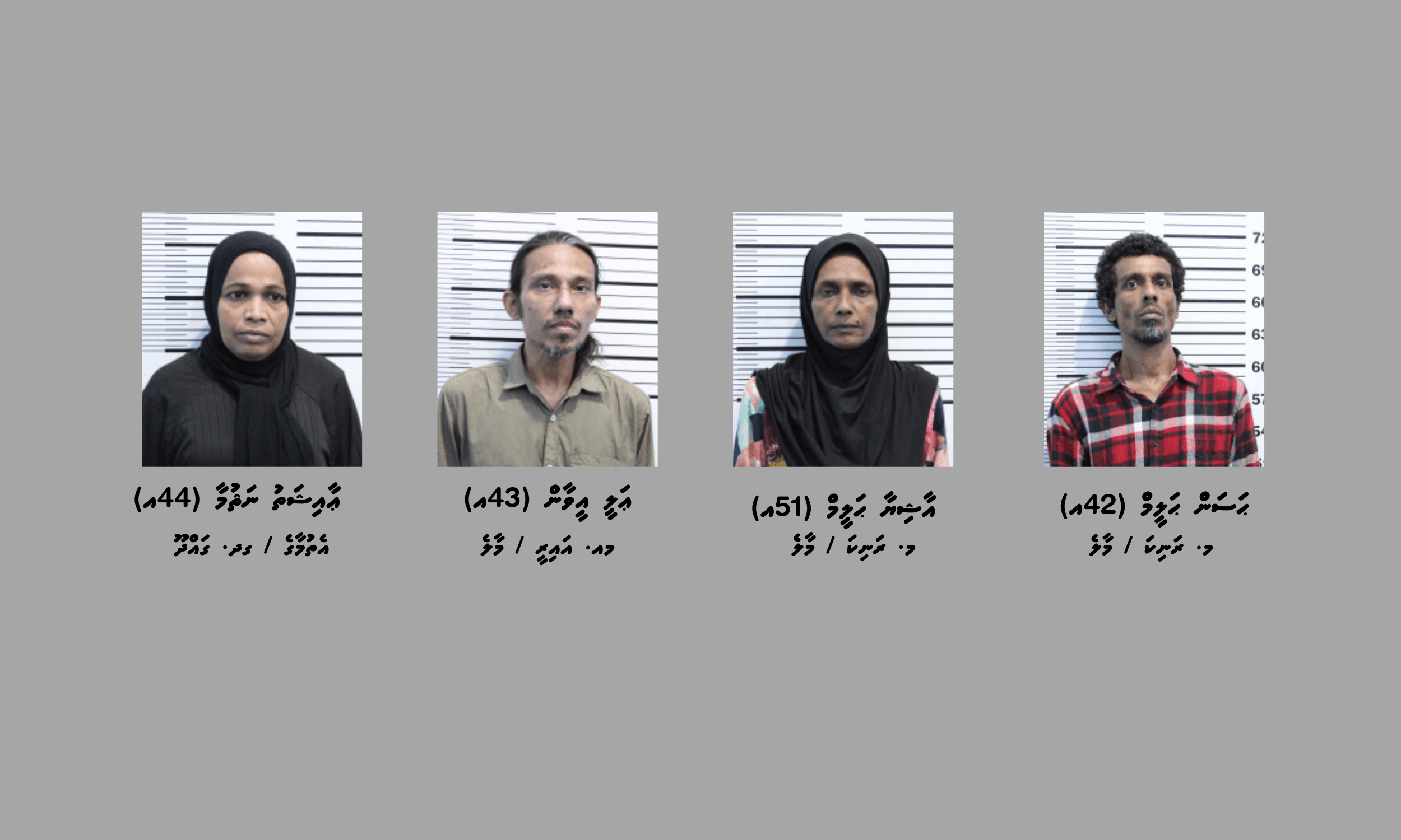 ފުލުހުން ބުނީ މި އޮޕަރޭޝަންތަކުގައި ހައްޔަރުކޮށްފައިވަނީ މއ. ގުލްބަކާގެ / މާލެ، އަޙްމަދު ޒިޔާން (48އ) އާއި ހ. ބްލޫސްކޫޕް / މާލެ، ޒުހުރާ ޢަބްދުއްލަޠީފް (54އ) އާއި މ. ދޮއްތަޑަފިގެ / މާލެ، އިސްމާޢީލް އައިކް މުޙައްމަދު (19އ) އާއި ހ. ހުދުކެލާ / މާލެ، އިސްމާޢީލް ރަޝީދު (53އ) އާއި މ. ރަނިކަ / މާލެ، ޙަސަން ޙަލީމް (42އ) އާއި މ. ރަނިކަ / މާލެ، އާޝިޔާ ޙަލީމް (51އ) އާއި މއ. އައިރީ / މާލެ، ޢަލީ އީވާން (43އ) އާއި އެތުމާގެ / ގދ. ގައްދޫ، ޢާއިޝަތު ނަޘުމާ (44އ) ކަމަށެވެ.
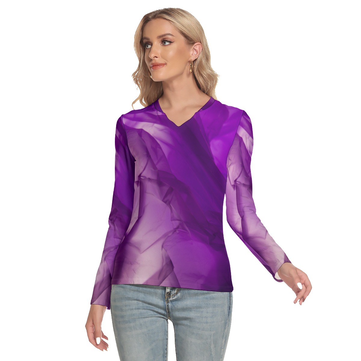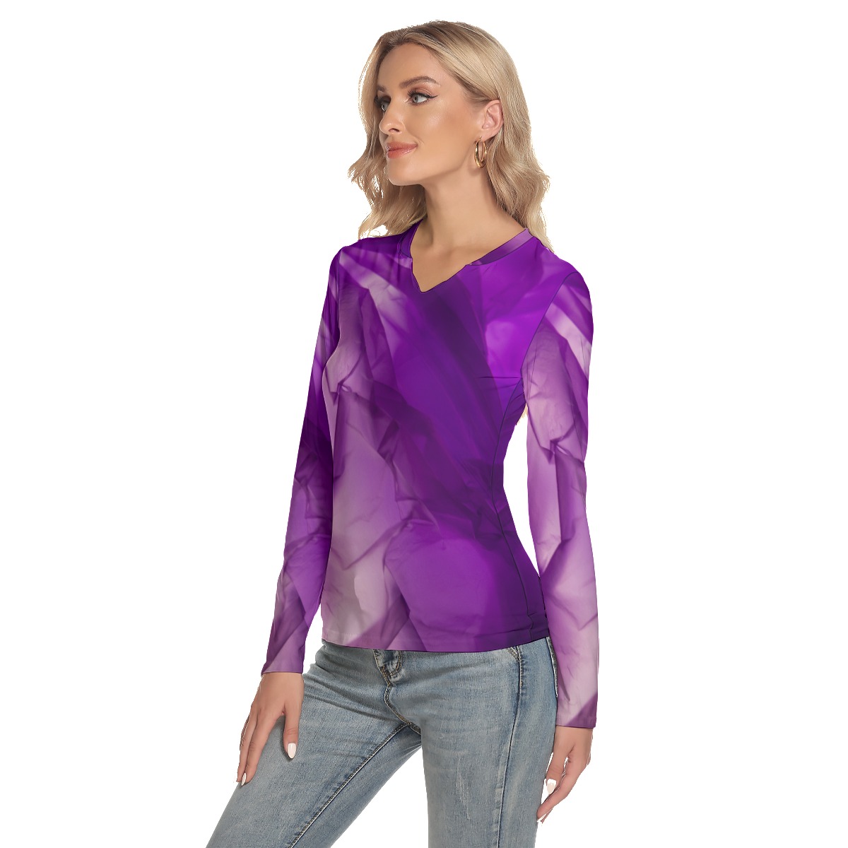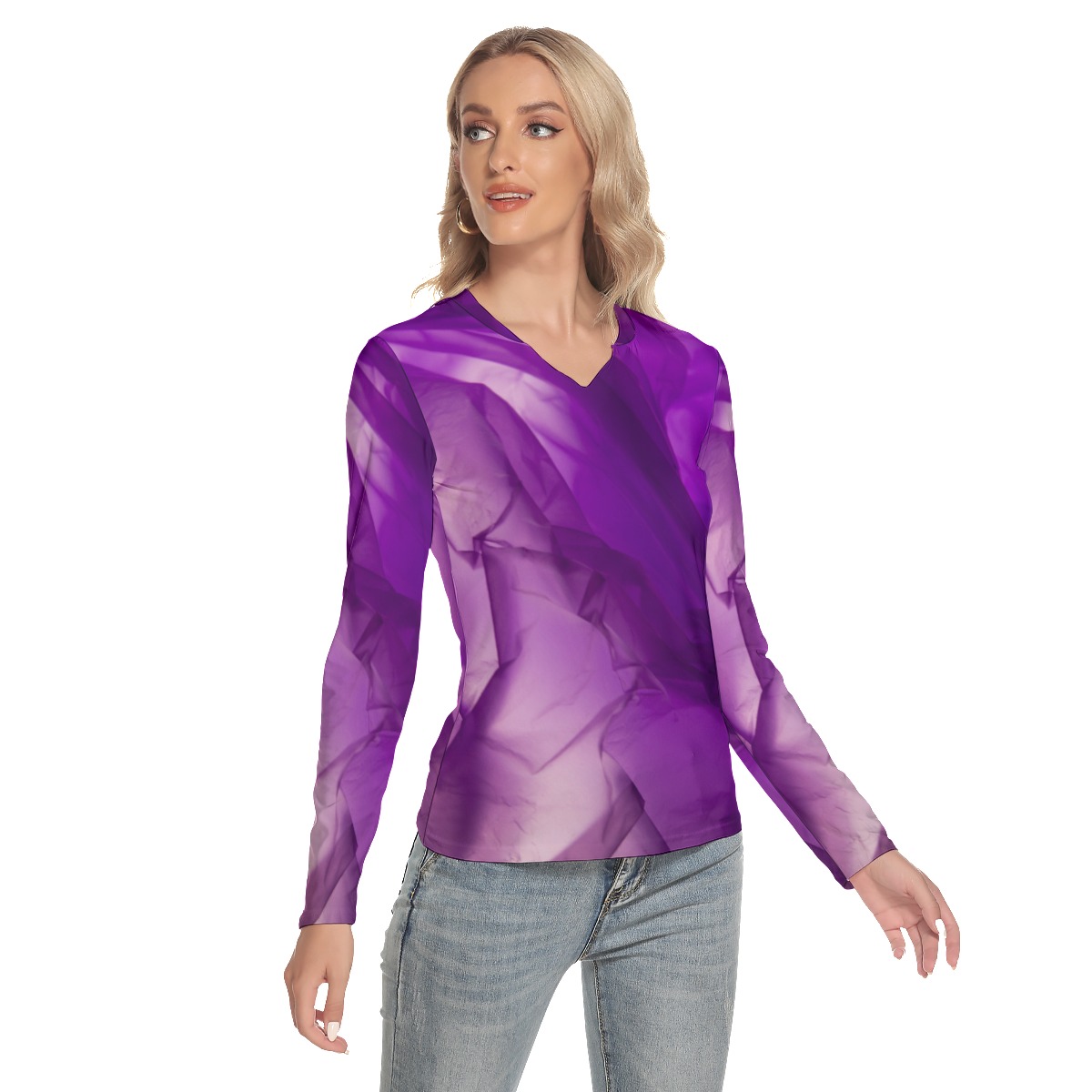 All-Over Print Women’s V-Neck Long Sleeves T-Shirt
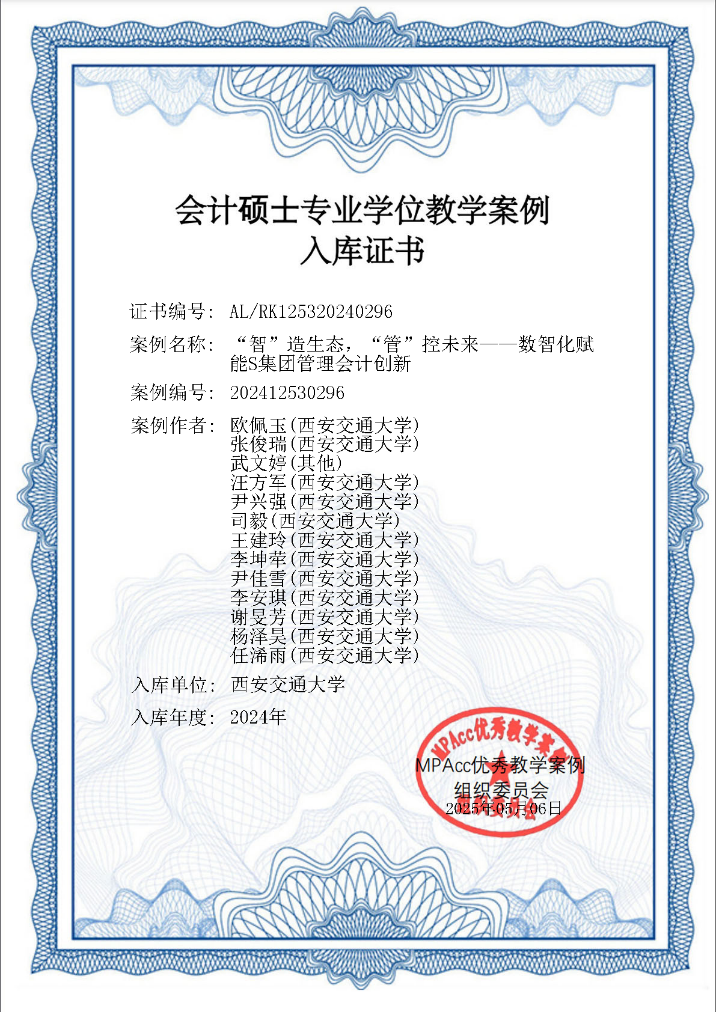 喜报一:欧佩玉副教授、张俊瑞教授、汪方军教授等撰写的教学案例《“智”造生态,“管”控未来——数智化赋能S集团管理会计创新》获评会计硕士专业学位优秀教学案例(每年共30篇)。
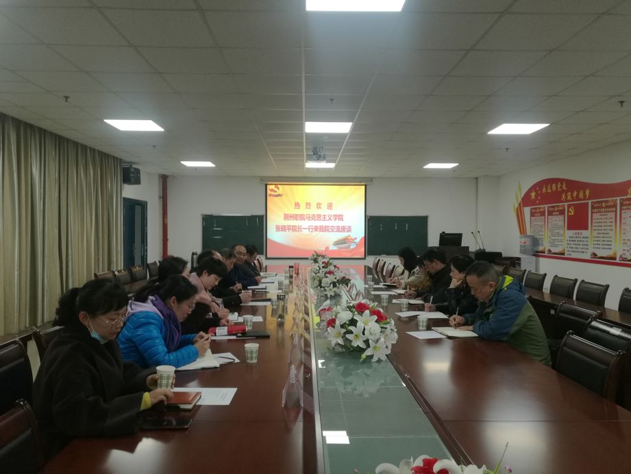 3月17日下午,荆州职业技术学院马克思主义学院院长张晓平带队来我院进行交流,院全体班子成员及部分教师代表参加了座谈会。
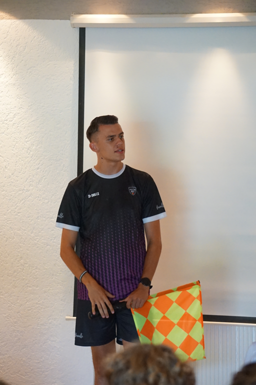 Der Nachmittag begann, mit kleiner Verspätung, um 17 Uhr mit einem exklusiven Workshop, bei dem Qualle auf seine gewohnt lockere und humorvolle Art das Schiedsrichterwesen näherbrachte. Neben Anekdoten vom Spielfeld und praktischen Tipps gewährte er den Teilnehmenden auch sehr persönliche Einblicke in sein früheres Privatleben. Offen sprach er darüber, wie ihn seine Erfahrungen geprägt haben und warum Respekt und Fairness für ihn heute im Mittelpunkt stehen. So bot der Workshop für Kinder, Jugendliche und Erwachsene gleichermaßen spannende und unterhaltsame Einblicke, nicht nur sportlich, sondern auch hinter die Kulissen des Lebens von Qualle, der mit bürgerlichem Namen Pascal Martin heißt.
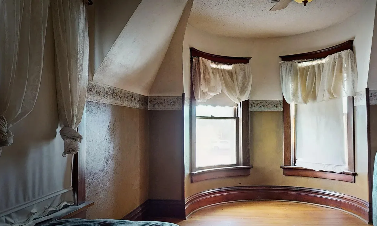 The inviting layout features a spacious covered front porch, welcoming vestibule, four bedrooms, two bathrooms, and an impressive 3,249 square feet of living space. Elegant circular sitting areas with curved glass windows highlight the craftsmanship of a bygone era, while a cozy fireplace seating area offers a warm and relaxing retreat.
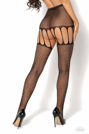 A seductive suspender tight in fishnet to excite the senses. This alluring piece is adorned with crystals. The deep faux suspender belt is so feminine and the multi straps attached to the stockings are so fancy.
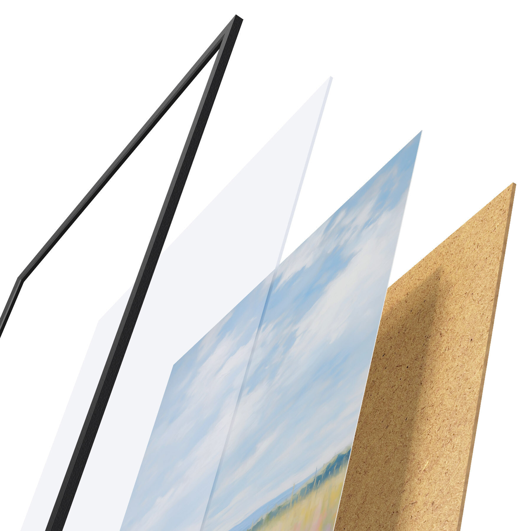 A poszter keretből, plexiből, nyomtatott képből és forgácslap hátlapból áll. A poszter a hátoldalon található rögzítőknek köszönhetően azonnal felakasztható a falra.
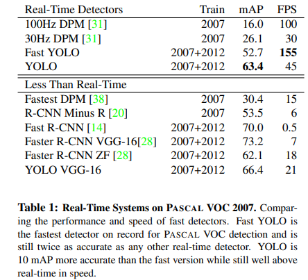 在与非实时目标检测系统比较,例如R-CNN系列。YOLO虽然在精度上低于5%左右mAP,但是速度上是优于其他所有的方法。
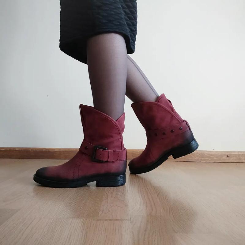 Натуральний нубук, надзвичайний колір, новенькі. Вони нереально зручні і якісні. Є нюанси на останньому фото, взагалі не видно і ні на що не впливає. От є таке у виробників, матеріали на виріб підбирають шик, а на внутрішніх деталях економлять, тому так. Таке лише на одному ботинку, пока на іншому все норм. Вони дійсно дуже класні і нові

○ ○ ○ ○

→ **Work item**
Of the lines above, copy only those from the one holding "All-Over Print Women’s" to the one holding "A poszter keretből, plexiből, nyomtatott", both included, and exclude every image.

→ **Reply to the exercise**
 All-Over Print Women’s V-Neck Long Sleeves T-Shirt
 喜报一:欧佩玉副教授、张俊瑞教授、汪方军教授等撰写的教学案例《“智”造生态,“管”控未来——数智化赋能S集团管理会计创新》获评会计硕士专业学位优秀教学案例(每年共30篇)。
 3月17日下午,荆州职业技术学院马克思主义学院院长张晓平带队来我院进行交流,院全体班子成员及部分教师代表参加了座谈会。
 Der Nachmittag begann, mit kleiner Verspätung, um 17 Uhr mit einem exklusiven Workshop, bei dem Qualle auf seine gewohnt lockere und humorvolle Art das Schiedsrichterwesen näherbrachte. Neben Anekdoten vom Spielfeld und praktischen Tipps gewährte er den Teilnehmenden auch sehr persönliche Einblicke in sein früheres Privatleben. Offen sprach er darüber, wie ihn seine Erfahrungen geprägt haben und warum Respekt und Fairness für ihn heute im Mittelpunkt stehen. So bot der Workshop für Kinder, Jugendliche und Erwachsene gleichermaßen spannende und unterhaltsame Einblicke, nicht nur sportlich, sondern auch hinter die Kulissen des Lebens von Qualle, der mit bürgerlichem Namen Pascal Martin heißt.
 The inviting layout features a spacious covered front porch, welcoming vestibule, four bedrooms, two bathrooms, and an impressive 3,249 square feet of living space. Elegant circular sitting areas with curved glass windows highlight the craftsmanship of a bygone era, while a cozy fireplace seating area offers a warm and relaxing retreat.
 A seductive suspender tight in fishnet to excite the senses. This alluring piece is adorned with crystals. The deep faux suspender belt is so feminine and the multi straps attached to the stockings are so fancy.
 A poszter keretből, plexiből, nyomtatott képből és forgácslap hátlapból áll. A poszter a hátoldalon található rögzítőknek köszönhetően azonnal felakasztható a falra.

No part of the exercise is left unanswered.